For time series it is important to distinguish the index. The "column names" of the "data frame" are the names of the series, and all the points from each series are plotted.

There are two possibilities: one common index shared by all the series, or each series with a distinct index of its own.

common index

If all the series have the exact same "x" coordinates, here are some ideas:

generate a single time series of on one plot plot

index = # 1d iterable of any sort (of datetime values)
data = # 1d iterable of any sort
TimeSeries(index, data)

generate possibly multiple time series overlaid on one plot (a new color for each series):

index = # 1d iterable of datetime values
data = # list of lists, dict/ordered dict of lists 
TimeSeries(index, data)

# OR 

data = # dataframe
TimeSeries(data)

generate multiple time series on multiple separate plots:

index = # 1d iterable of datetime values
data = # list of lists, dict/ordered dict of lists
TimeSeries(index, data, facet=True)

# OR 

data = # dataframe
TimeSeries(data, facet=True)

distinct indices

By definition this only has the "multiple series case"

generate multiple time series overlaid on one plot (a new color for each series):

# here, index and series are both 1d iterables of scalars
data = # 1d iterable of (index, series) pairs
TimeSeries(data)

# OR

TimeSeries(index0, series0, index1, series1, ...)

# OR 

data = # 1d iterable of dataframe
TimeSeries(data)

# OR

Timeseries(df0, df1, df2, ...)

generate multiple time series on multiple separate plots:

# here, index and data are both 1d iterables of scalars
data = # 1d iterable of (index, series) pairs
TimeSeries(data, facet=True)

# OR 

data = # 1d iterable of dataframes
TimeSeries(data, facet=True)

In the last case it's possible that there are fewer indices than series, because each data frame may have more than one non-index column. But conceptually this is no different that the general case.

Scatter

Here there is no need to distinguish the index, what is always needed is pairs of x/y sequences that have the same length.

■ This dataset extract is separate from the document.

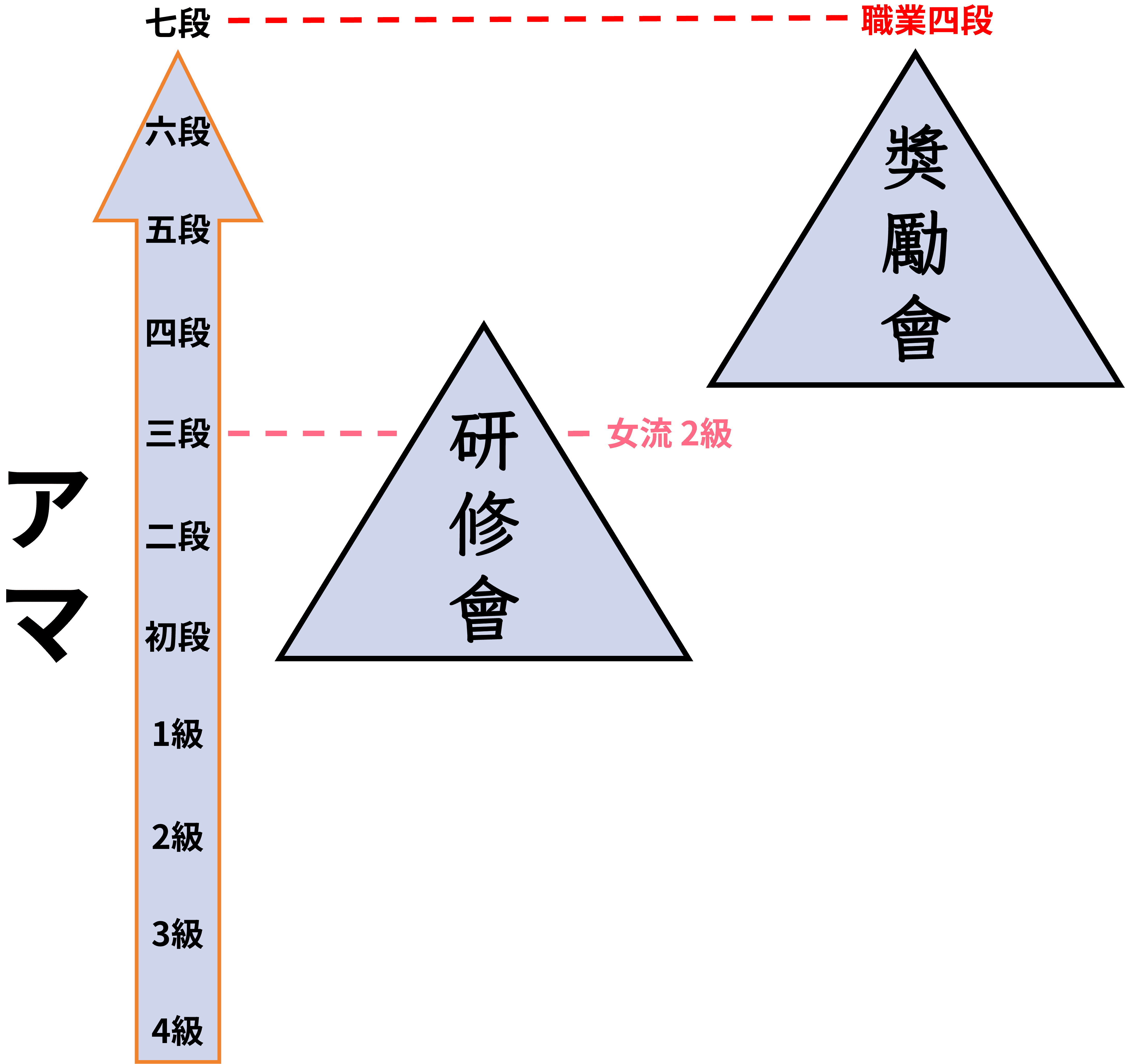 業餘四段 = 女流 2級 = 獎勵會 6級

generate a single time series of on one plot plot

x = # 1d iterable of any sort 
y = # 1d iterable of any sort
Scatter(x, y)

generate possibly multiple time series overlaid on one plot (a new color for each series):

# all vars = 1d iterable of scalars
Scatter((x0, y0), (x1, y1), (x2, y2))

# OR 

data = # groupby of a data frame (a new color for each group)
Scatter(data, x="x_column_name", y="y_column_name")

NOTE: also accepts facet=True to facet multiple scatters on different plots.

BoxPlot

Box plots have a categorical X-axis with a box summary for the series associated with each category. In this case, the "column names" of the "data frame" are the categories, and the data in each column is reduced to a few statistical measures that define the summary box dimensions.

generate a box plot with summary boxes for each category:

data = # list of lists, dict/ordered dict of lists, data frame, or groupby
BoxPlot(data)

NOTE: might also accept an order parameter to order the categorical axis

NOTE: can colormap by category

Violin

Violin inputs identical to BoxPlot (draws violin summaries instead)

Dot

Dot inputs identical to BoxPlot (draws a dot for each point in the series)

NOTE options for jittering along categorical dimension

Line

Acceptable inputs basically identical to Scatter except also has an additional version that auto-generates a range(N) x-values:

generate a single line plot but implicitly use x=range(len(y))

y = # 1d iterable of scalars
Line(y)

generate a multiple line plots but implicitly use x=range(len(y)) for each y series

yn = # 1d iterable of scalars
Line(y0, y1, y2)

NOTE: important generalization: each positional argument is for a single line in all of these cases

NOTE: also accepts facet=True

Step

With regards to data inputs, I believe this is largely identical to Line

Area

With regards to data inputs, I believe this is largely similar to TimeSeries + Line

NOTE offers the option to stack. The hassle here will be computing the intermediate coordinates in the general case where there is more than one set of x coordinates (i.e. where is more like Line with multiple lines, instead of like TimeSeries with a common index)

HeatMap

NOTE: we should deprecate the CategoricalHeatmap option. There should just be one HeatMap and it should "do the right thing" with either categorial or scalar ranges.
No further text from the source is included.